Bezwzględna klęska w wojnie, która nie spełniła zwycięskich oczekiwań, w trudnych warunkach pokojowych, a także puczowska działalność wspieranych przez Moskwę radykałów lewicy przyczyniły się do wzrostu nacjonalizmu w powojennych Niemczech. Niemcy walczyli przez całą wojnę na obcym terytorium, w rzeczywistości ani razu podczas całej wojny wróg nie zagroził własnemu terytorium Niemiec, nie było katastrofy militarnej. Można powiedzieć, że I wojna światowa zakończyła się nie klęską armii na polu bitwy, ale zniszczeniem dawnego porządku.
Bezosobowa, pozbawiona elementów tożsamości narodowej Republika Weimarska, kopiująca z Zachodu zasady i obyczaje polityczne, stała się dla wielu Niemców symbolem klęski Niemiec. To właśnie nielogiczność klęski militarnej II Rzeszy była głównym powodem zwrócenia się Niemców ku mitom narodowym. To właśnie ta „nielogiczność” spowodowała, że w głowie Adolfa Hitlera narodziła się II wojna światowa jako korekta niezasłużonej porażki z 1918 roku.
Bibliografia:
[1] Plenkov O.Ju.Katastrofa z 1933 r. Historia Niemiec i dojście nazistów do władzy. – M.: Veche, 2021.
[2] Winogradow, K. Burżuazyjna historiografia I wojny światowej. Geneza wojny i stosunków międzynarodowych w latach 1914–1917 - Moskwa, 1962.
[3] Nikołaj Własow. Droga do katastrofy. Polityka zagraniczna Cesarstwa Niemieckiego. 1871-1918 – M.: Eurazja, 2021.
[4] Plenkov O. Yu., Samylov O. V. Polityczne paradoksy rewolucji listopadowej i kontrrewolucji w Niemczech Tambow: Dyplom, 2020. Tom 13. Wydanie 3. C. 56-61.
[5] Chr. Hrabia von. Die Deutschen in ihrem Jahrhundert 1890-1990. Reinbeck bei Hamburg: Rowohlt, 1992.

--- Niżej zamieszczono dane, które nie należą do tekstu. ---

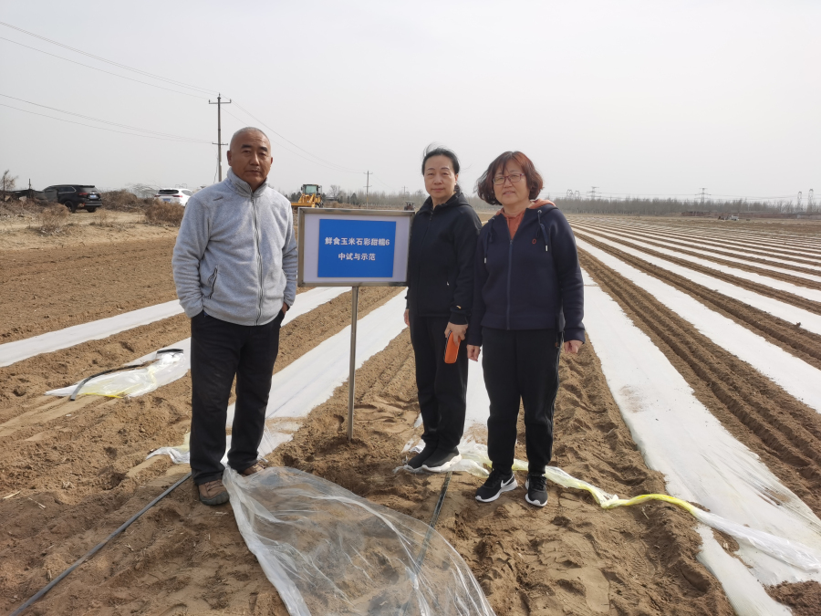 2023年3月16日,生物与食品所种质资源与分子育种研究室副主任马春红研究员、石家庄市农科院玉米室主任刘玉强副研究员、朱彦辉副研究员一行到正定县傅家村对“鲜食玉米石彩甜糯6中试与示范”开展田间种植管理及栽培技术指导与技术服务。

[6] Fritz Stern. Klęska antyliberalizmu. Eseje o kulturze politycznej współczesnych Niemiec. Londyn. 1972.
[7] Kosmach V. A. „Upokorzenie w Wersalu”: skutki I wojny światowej dla Niemiec / V. A. Kosmach // Pskowski Wojskowy Biuletyn Historyczny. - 2015 r. - nr 1. - str. 155–167.
[8] Ringer F. Schyłek niemieckich mandarynek / przeł. z angielskiego. P. Goldina i E. Kanishcheva - M .: Nowy przegląd literacki, 2008.